● **Task requirements**: Exactly the lines from the opening of the records through the line containing "2247 Wagon Hub, Metal" should be copied, with both included.

(Information given Opens)

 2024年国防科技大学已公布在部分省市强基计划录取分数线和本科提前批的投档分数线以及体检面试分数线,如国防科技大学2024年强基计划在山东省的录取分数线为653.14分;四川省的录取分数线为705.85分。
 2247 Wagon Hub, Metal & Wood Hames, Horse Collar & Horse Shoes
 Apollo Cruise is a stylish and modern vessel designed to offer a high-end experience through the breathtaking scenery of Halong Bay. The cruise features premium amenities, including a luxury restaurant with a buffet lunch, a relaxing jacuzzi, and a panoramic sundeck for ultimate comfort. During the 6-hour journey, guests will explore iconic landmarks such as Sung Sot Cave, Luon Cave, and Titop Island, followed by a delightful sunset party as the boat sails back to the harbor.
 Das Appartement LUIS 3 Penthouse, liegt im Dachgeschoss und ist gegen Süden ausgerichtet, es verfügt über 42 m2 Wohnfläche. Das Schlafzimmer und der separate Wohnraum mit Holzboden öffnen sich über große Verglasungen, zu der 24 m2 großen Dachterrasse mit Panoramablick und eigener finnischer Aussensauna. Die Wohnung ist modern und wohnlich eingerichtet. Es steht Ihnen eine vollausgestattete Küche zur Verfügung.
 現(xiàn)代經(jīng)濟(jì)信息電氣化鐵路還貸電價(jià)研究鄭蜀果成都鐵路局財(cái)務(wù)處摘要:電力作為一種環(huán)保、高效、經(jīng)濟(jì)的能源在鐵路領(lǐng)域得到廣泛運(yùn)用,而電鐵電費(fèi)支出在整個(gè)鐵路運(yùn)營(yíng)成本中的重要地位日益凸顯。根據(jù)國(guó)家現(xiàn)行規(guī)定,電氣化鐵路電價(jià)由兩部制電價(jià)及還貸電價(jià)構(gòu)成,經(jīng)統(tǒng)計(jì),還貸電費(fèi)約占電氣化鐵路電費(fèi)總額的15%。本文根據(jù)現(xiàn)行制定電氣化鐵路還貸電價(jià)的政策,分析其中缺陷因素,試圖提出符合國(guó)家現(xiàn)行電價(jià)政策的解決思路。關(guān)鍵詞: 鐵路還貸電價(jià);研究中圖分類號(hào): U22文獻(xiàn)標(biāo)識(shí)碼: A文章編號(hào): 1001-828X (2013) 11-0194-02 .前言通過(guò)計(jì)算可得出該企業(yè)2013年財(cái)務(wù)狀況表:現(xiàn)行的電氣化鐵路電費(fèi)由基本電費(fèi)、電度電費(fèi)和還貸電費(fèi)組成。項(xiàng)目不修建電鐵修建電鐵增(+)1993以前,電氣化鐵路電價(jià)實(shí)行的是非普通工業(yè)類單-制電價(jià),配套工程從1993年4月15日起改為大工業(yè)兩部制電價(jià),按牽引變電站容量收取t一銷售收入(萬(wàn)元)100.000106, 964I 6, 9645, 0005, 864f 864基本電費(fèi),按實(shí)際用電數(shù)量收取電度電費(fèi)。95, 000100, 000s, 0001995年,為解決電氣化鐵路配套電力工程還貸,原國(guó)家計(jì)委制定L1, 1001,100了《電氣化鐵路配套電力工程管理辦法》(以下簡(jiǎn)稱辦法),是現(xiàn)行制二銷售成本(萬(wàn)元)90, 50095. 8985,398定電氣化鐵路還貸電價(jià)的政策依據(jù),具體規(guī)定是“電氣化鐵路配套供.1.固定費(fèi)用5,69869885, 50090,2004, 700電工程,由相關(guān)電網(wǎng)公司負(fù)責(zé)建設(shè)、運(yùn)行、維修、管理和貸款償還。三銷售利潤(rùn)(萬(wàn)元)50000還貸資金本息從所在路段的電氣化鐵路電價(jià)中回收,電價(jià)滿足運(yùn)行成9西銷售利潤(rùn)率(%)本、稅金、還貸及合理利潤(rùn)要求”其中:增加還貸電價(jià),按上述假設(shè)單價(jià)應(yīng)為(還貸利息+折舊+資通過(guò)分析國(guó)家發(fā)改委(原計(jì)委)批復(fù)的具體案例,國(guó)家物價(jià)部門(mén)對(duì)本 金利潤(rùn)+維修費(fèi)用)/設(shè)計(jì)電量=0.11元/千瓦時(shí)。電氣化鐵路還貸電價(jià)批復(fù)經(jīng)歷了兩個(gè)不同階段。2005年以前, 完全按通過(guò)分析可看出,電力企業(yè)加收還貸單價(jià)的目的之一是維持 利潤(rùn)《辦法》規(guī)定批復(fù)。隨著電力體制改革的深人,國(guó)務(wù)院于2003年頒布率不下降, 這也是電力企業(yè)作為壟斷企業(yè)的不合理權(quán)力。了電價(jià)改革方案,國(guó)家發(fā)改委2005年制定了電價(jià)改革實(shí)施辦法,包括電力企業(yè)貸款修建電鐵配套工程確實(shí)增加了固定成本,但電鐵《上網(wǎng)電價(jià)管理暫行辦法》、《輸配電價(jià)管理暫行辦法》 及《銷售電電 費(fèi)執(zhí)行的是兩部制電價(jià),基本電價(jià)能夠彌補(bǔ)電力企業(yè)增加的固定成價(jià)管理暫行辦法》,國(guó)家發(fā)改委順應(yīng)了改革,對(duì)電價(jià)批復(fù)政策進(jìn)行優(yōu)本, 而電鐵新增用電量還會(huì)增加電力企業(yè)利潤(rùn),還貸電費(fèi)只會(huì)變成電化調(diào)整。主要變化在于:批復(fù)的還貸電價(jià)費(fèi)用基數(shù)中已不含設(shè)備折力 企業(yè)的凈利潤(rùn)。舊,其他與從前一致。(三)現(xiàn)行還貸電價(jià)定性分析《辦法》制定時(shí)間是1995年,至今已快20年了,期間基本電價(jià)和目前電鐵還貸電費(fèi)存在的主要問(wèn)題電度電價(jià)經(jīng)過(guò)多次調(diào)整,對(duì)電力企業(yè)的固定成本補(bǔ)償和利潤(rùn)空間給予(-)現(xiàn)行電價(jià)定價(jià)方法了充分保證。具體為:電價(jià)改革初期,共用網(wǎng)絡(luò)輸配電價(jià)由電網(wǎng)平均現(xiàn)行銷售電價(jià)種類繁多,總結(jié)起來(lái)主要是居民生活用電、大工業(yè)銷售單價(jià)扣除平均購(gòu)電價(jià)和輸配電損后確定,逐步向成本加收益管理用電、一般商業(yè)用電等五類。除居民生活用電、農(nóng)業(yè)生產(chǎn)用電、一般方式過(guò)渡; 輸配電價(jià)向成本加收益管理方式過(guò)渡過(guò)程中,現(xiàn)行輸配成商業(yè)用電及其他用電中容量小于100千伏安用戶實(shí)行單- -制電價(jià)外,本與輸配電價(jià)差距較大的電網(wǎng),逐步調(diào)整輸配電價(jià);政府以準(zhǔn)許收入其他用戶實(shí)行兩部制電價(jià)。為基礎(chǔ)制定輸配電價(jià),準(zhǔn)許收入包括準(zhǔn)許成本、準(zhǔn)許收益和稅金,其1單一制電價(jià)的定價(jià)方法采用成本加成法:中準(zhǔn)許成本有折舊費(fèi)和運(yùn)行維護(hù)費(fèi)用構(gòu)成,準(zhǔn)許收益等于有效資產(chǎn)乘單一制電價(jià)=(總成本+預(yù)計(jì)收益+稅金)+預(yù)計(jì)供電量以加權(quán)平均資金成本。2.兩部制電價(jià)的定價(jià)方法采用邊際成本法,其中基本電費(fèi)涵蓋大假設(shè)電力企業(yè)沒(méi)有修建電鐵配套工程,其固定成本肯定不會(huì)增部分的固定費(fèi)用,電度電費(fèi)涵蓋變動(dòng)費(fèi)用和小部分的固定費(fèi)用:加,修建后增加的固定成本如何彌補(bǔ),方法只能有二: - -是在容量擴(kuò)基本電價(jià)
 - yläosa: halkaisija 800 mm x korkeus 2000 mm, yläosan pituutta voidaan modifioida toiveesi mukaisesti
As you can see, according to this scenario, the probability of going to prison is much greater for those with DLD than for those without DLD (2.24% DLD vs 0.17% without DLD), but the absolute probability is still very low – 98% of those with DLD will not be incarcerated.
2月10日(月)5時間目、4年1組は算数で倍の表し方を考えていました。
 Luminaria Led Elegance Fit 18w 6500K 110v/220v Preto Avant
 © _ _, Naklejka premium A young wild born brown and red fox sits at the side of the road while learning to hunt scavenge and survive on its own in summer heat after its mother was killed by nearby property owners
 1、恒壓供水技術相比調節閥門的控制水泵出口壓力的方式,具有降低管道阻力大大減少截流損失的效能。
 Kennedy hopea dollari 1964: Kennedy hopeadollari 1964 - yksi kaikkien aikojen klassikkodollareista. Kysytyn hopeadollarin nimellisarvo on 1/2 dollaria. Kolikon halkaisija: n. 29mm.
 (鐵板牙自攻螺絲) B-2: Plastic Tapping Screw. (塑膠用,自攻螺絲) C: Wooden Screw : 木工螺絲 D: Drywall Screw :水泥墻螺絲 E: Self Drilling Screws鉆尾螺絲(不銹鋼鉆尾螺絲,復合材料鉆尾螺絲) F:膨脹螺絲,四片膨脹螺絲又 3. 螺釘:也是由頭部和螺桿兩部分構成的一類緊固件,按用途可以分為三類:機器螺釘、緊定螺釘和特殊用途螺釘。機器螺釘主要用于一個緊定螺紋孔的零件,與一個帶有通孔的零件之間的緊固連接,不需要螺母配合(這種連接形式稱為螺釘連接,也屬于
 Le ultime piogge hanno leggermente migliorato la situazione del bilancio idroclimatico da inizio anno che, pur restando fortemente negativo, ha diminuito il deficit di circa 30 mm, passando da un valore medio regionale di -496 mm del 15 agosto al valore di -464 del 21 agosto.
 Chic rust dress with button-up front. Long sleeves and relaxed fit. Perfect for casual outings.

(Information given Closes)

● **Answer for this exercise**:
 2024年国防科技大学已公布在部分省市强基计划录取分数线和本科提前批的投档分数线以及体检面试分数线,如国防科技大学2024年强基计划在山东省的录取分数线为653.14分;四川省的录取分数线为705.85分。
 2247 Wagon Hub, Metal & Wood Hames, Horse Collar & Horse Shoes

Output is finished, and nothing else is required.